Chapter2 Data models and Query Languages

  1. Data models effects how your software is written, but also how we think about the problem we are solving
    1. Application engineers model real-world objects to programming objects and data structures. (API layer)
    2. Lower level, when you want to store these objects, they are expressed in general-purpose data model, JSON,XML, tables in relational db or graph model.
    3. Database engineer decides ways of representing those data in terms of bytes in memory, disk or on a network
    4. Lower level hardware engineers figure out how to represent bytes interns of electric currents, pulses of light....
  2. Each layer hides the complexity of the layer below by providing a clean data model.
  3. This chapter will compare some databases.

Relation models versus document model

The birth of NoSQL

Driving force behind NoSQL:

  • A need for greater scalability than relational databases can easily achieve, including very large dataset or very high write throughput.
  • A widespread preference for free and open source software over commercial database products.
  • Specialized query operations that are not supported by relation databases.
  • Frustration with restrictiveness of relational schemas.(desire for dynamic and expressive data model.)
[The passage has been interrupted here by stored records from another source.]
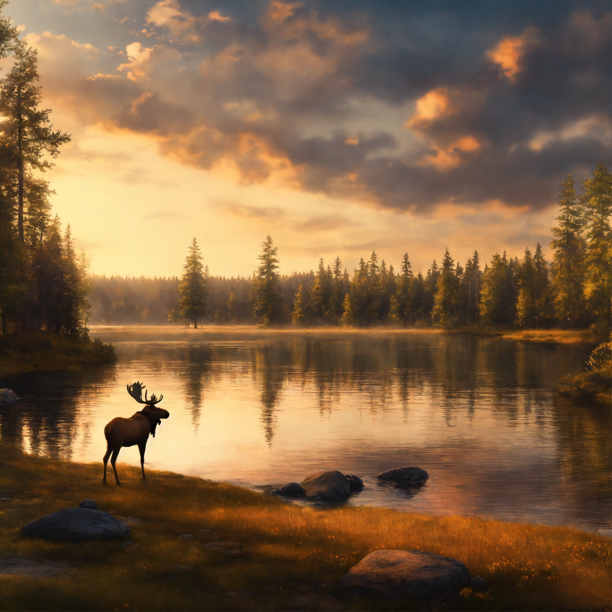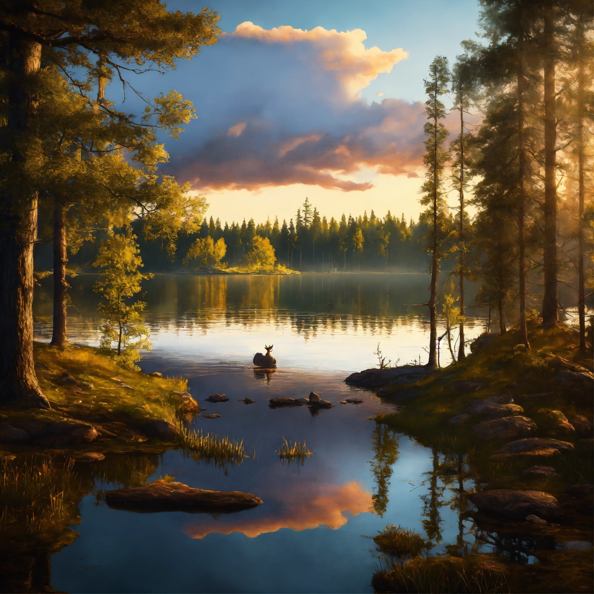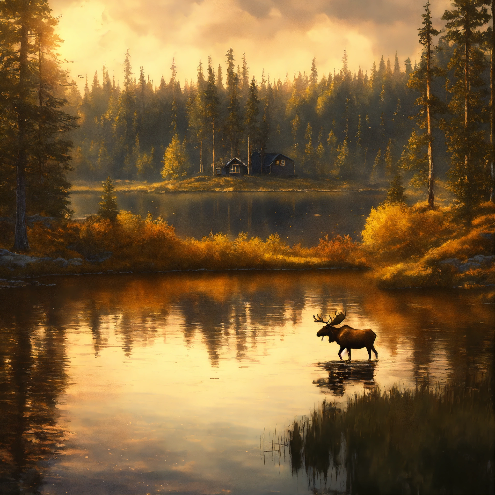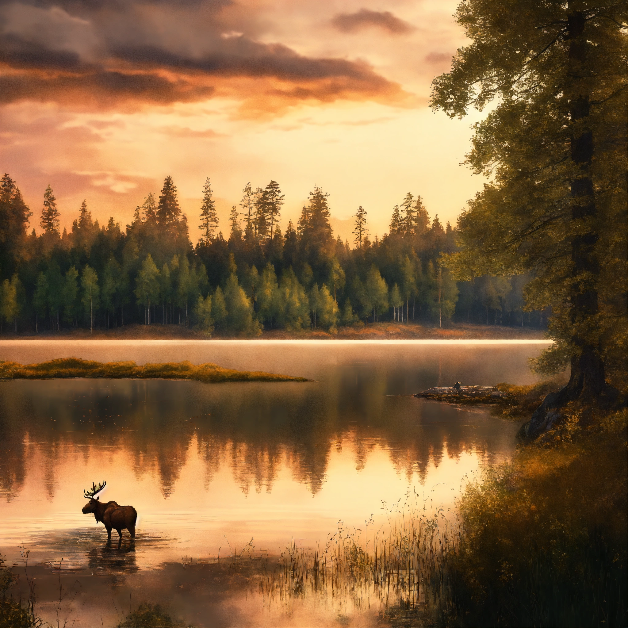 Epic shot of sweden, ultra detailed lake with am moose, nostalgic vintage, ultra cozy and inviting, wonderful light atmosphere, fairy, little photorealistic, digital painting, sharp focus, ultra cozy and inviting, wish to be there. very detailed, arty, should rank high on youtube for a dream trip.
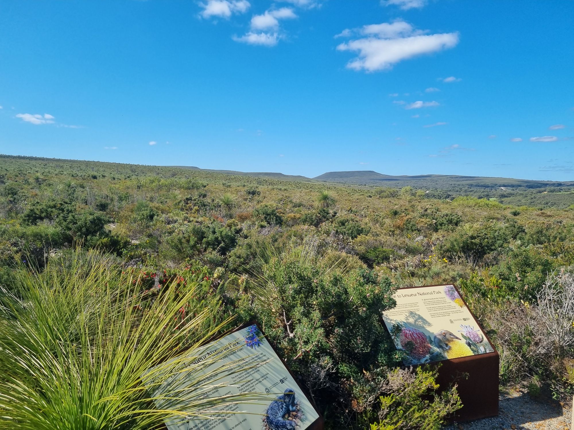 The park is an intriguing "drive through national park", where you drive a one way along an eighteen kilometre loop and roadside signs tell you about the park and certain plant species.
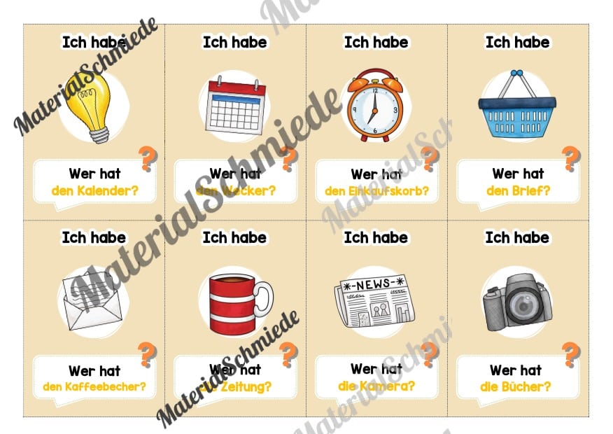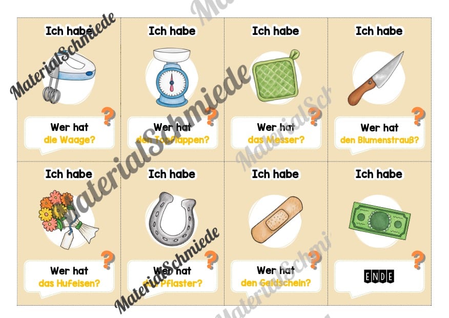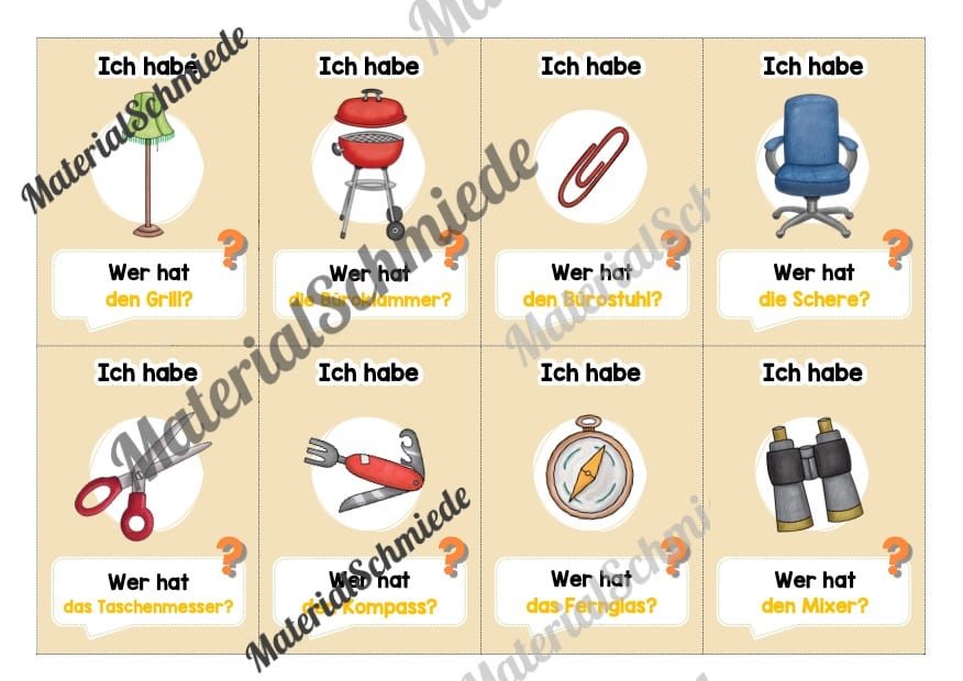 Auf einer Karte steht eine Frage mit „Wer hat…“. Zum Beispiel: „Wer hat den Karton?“. Das Kind, welches die Karte mit dem Karton hat, muss nun vorlesen: „Ich habe den Karton.“. Unter der Abbildung auf der Karte steht die nächste Frage mit z.B. „Wer hat das Fernglas?“. Dieses Prinzip zieht sich durch 40 Karten und übt das Lesen lernen auf spielerische Art und Weise.
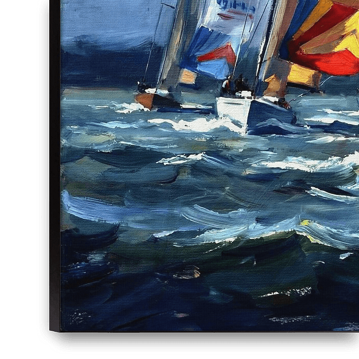 Tauchen Sie ein in die pulsierende Energie eines spannenden Segelrennens, eingefangen durch eine impressionistische Linse. Dieses dynamische Ölgemälde zeigt eine Flotte von Segelbooten, die unter stürmischem Himmel durch unruhige Gewässer navigieren und dabei den Nervenkitzel und die Herausforderung der offenen See verkörpern. Die…

The Object-relational mismatch

  1. Translation layer needed in OOP and SQL data model -> ORM
  2. But they cannot completely hide the differences between the two models.
  3. For example :
    1. We have a resume model with some user info;
    2. But one person has many education/working experience-> one-to-many relation
      1. User a separation table to store the positions/education -> connected with foreign key
      2. SQL store structured data types and XML data.
      3. Encode jobs/eduction info as JSON or XML and store it on a text column in the database, let application decode/interpret its structure a content. (DB cannot query the values inside of encoded column)
  4. Resume -> self contained document, a JSON representation can be appropriate. -> Document-oriented db: MangoDB, CouchDB, RethinkDB, Expresso....
  5. But this kind of documents lacks of schema . (Advantage or disadvantage? )
  6. Locality : relations database performing multiple queries while in JSON documents, all related info are in one place.
  7. One-to-Many relationship can be explicitly expressed in the JSON documents.
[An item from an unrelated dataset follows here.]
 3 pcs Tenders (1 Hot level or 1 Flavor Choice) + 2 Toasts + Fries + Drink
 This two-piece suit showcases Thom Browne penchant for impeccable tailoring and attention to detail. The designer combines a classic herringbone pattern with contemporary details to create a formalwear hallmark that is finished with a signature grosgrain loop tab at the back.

Many-to-one and Many-to-Many Relationships

  1. region_id and industry id are in ID not free text , why -> Free text vs standard list :
    • Consisten style and spelling across profiles
    • Avowing ambiguity (several cities has the same name)
    • Ease of updating (name stored in one place (the mapping of standard representation and name))
    • Localization support
    • Relations between standards lists but no such info in free text
  2. ID can be meaningless thus no need to change, -> free text is meaningful to human so change will cause all change to the text. -> incurs write overheads and risk of inconsistence. -> removing duplications is called normalization
  3. Many-to-one relationships -> can leverage normalization -> not match nicely to the document data model.
    1. In relaational db, joins are easy
    2. In document db, joins are weakly supported (on-to-many don't need join, they are in one document)
    3. Application code need to support join function if needed.
    4. Even if the application are fit for the document data model, application data becomes interconnected over time with new features
      1. Feature 1 : recommendation(including others position and names..(an entity )) from other, can be shown in the name of position
      2. Organizations and school names are string, but what if they are entities referenced. (Who each of them has host pages...)
      3. image-20240414095232889

Are Document Databases repeating history

Revisit document model and relational model history :

  1. Network model: a node can have multiple parents, they are connected by pointer, if you have no path of your desired record, you have to go through the paths to find you one; besides, update in this structure become complex
  2. Relational model: not nested structures, any records can be retrieved in the table(schema) with nay condition.inserting new rows without worrying the foreign key relationships.
    1. Query optimizer decides which parts execute in which order and indexed used; (effective access 'path') -> new indexed can be added with original query to leverage
  3. Comparison: both relational and document databases are referring related items using foreign key/document reference. Document databases has similar structure of hierarchical model in the old day but different in terms of many to one and many to many relationships.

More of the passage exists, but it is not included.